THE TASK
Leave the pictures out. Transcribe exactly every line from the start of the records through the one containing "In its robe".
'''
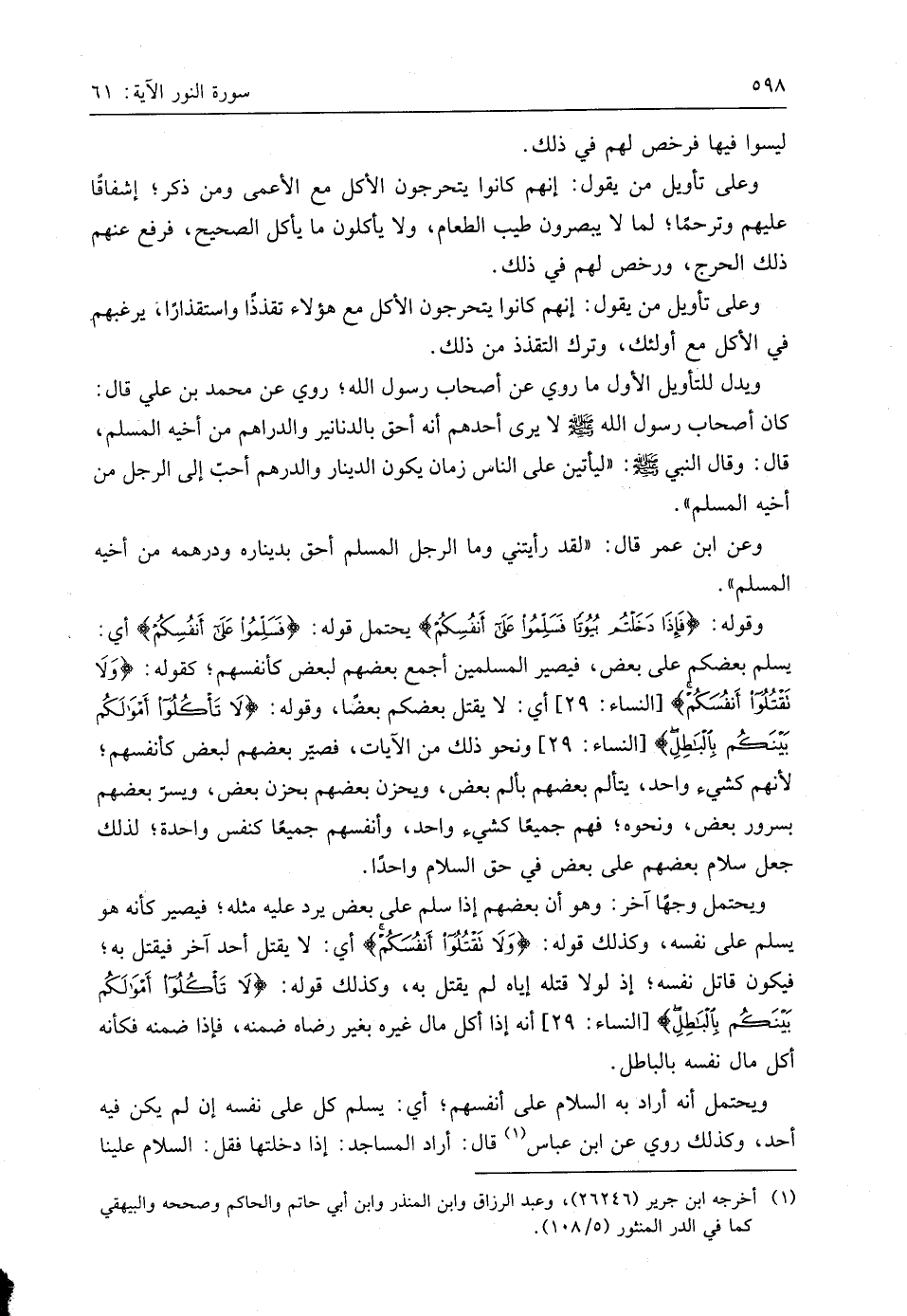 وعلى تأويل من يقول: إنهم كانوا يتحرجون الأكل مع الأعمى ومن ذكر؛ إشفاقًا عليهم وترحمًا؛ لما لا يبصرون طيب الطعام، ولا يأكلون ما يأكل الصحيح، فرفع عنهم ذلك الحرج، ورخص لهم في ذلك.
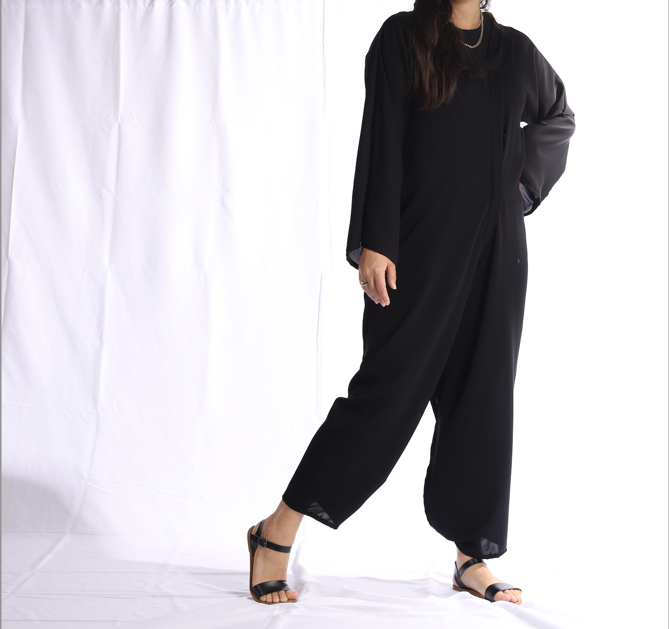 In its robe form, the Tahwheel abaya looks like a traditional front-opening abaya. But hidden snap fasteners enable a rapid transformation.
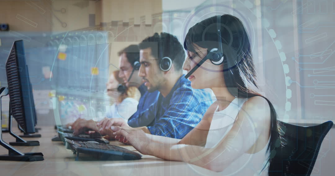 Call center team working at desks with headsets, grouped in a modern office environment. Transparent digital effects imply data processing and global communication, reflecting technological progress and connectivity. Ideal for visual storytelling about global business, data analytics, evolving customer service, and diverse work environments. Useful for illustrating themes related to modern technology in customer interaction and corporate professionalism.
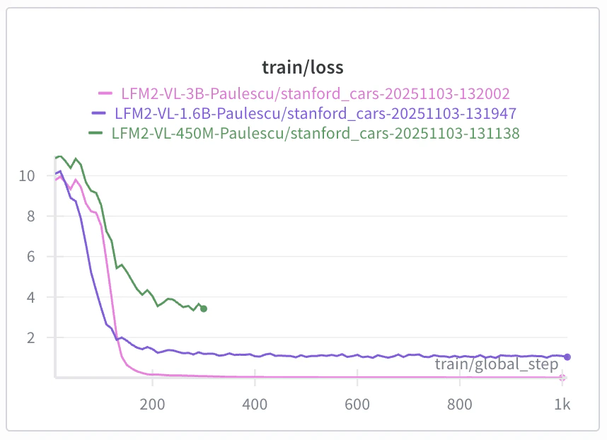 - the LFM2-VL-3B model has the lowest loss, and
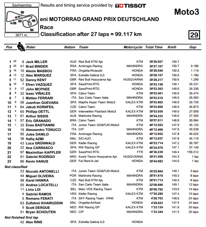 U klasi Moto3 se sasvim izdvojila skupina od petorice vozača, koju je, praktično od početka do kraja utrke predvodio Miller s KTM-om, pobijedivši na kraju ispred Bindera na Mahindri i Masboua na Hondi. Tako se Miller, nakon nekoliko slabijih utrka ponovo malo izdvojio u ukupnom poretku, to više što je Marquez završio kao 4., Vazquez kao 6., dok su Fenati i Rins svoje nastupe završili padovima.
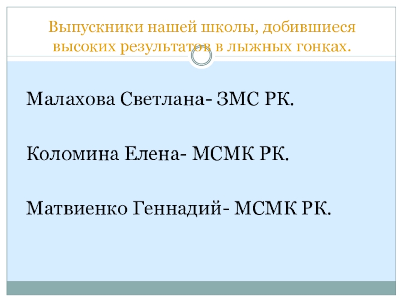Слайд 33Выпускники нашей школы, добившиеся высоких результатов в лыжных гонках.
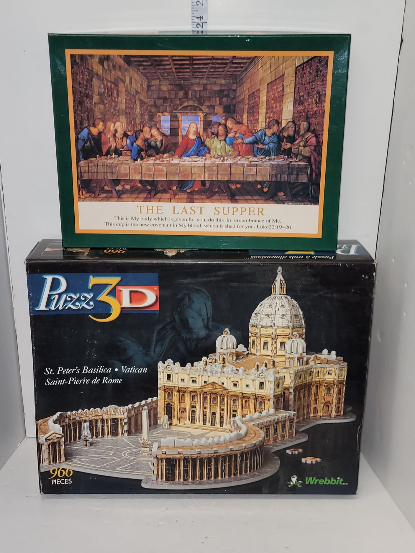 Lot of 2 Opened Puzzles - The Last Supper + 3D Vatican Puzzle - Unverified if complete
'''
YOUR RESPONSE
 وعلى تأويل من يقول: إنهم كانوا يتحرجون الأكل مع الأعمى ومن ذكر؛ إشفاقًا عليهم وترحمًا؛ لما لا يبصرون طيب الطعام، ولا يأكلون ما يأكل الصحيح، فرفع عنهم ذلك الحرج، ورخص لهم في ذلك.
 In its robe form, the Tahwheel abaya looks like a traditional front-opening abaya. But hidden snap fasteners enable a rapid transformation.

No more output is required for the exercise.